--- Exercise data ---
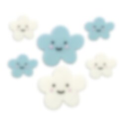 6 kpl sokerikoristeita, jotka esittävät hauskoja pilviä sinisen ja valkoisen väreissä. Ihania kakun koristeluun ennen synttäreitä.
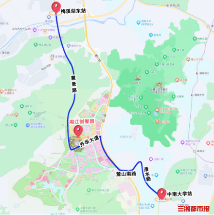 记者了解到,在2024年底园区正式亮相之前,交通条件的便利性也将被进一步提升。已经开通的麓景路贯穿南北,往北通过麓景路隧道即达梅溪湖,往南直达含浦;贯穿东西的升华大道(麓景路—西二环西辅道段),预计在年底将完工通车,实现与高校“无缝衔接”。未来,该园区东侧规划有地铁13号线站点;同时,年底开园后计划开通一条接驳线路连接地铁2号线梅溪湖东站、湘江创智园与地铁3号线中南大学站。
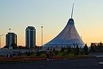 The Khan Shatyr Entertainment Center, a daytime computer render on a postage stamp.
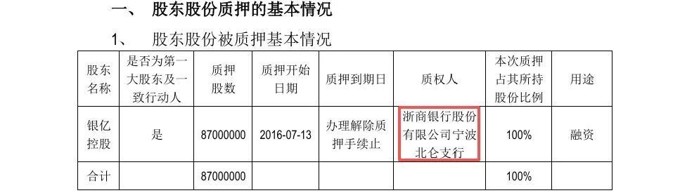 首先是标的股份的质押争议。银亿控股持有的8700万股河化股份长期处于质押状态,早在2016年7月,银亿控股所持8700万股河化股份便已质押给浙商银行股份有限公司宁波北仑支行,且该质押状态持续至今。
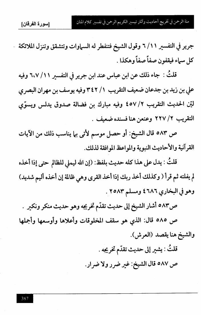 منة الرحمن في تخريج أحاديث وآثار تيسير الكريم الرحمن في تفسير كلام المنان
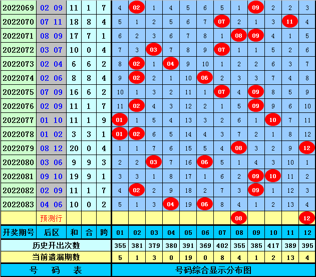 后区5码推荐:02、04、05、08、12
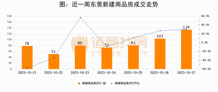 根据东莞市住房和城乡建设局数据显示,2023年10月27日东莞新建商品房成交134套,较昨日增加31套,环比上涨30.1%

--- Your instructions ---
All lines from the one containing "The Khan Shatyr" to the last line of the records above, and no others, should be returned unchanged, without pictures.

--- The answer ---
 The Khan Shatyr Entertainment Center, a daytime computer render on a postage stamp.
 首先是标的股份的质押争议。银亿控股持有的8700万股河化股份长期处于质押状态,早在2016年7月,银亿控股所持8700万股河化股份便已质押给浙商银行股份有限公司宁波北仑支行,且该质押状态持续至今。
 منة الرحمن في تخريج أحاديث وآثار تيسير الكريم الرحمن في تفسير كلام المنان
 后区5码推荐:02、04、05、08、12
 根据东莞市住房和城乡建设局数据显示,2023年10月27日东莞新建商品房成交134套,较昨日增加31套,环比上涨30.1%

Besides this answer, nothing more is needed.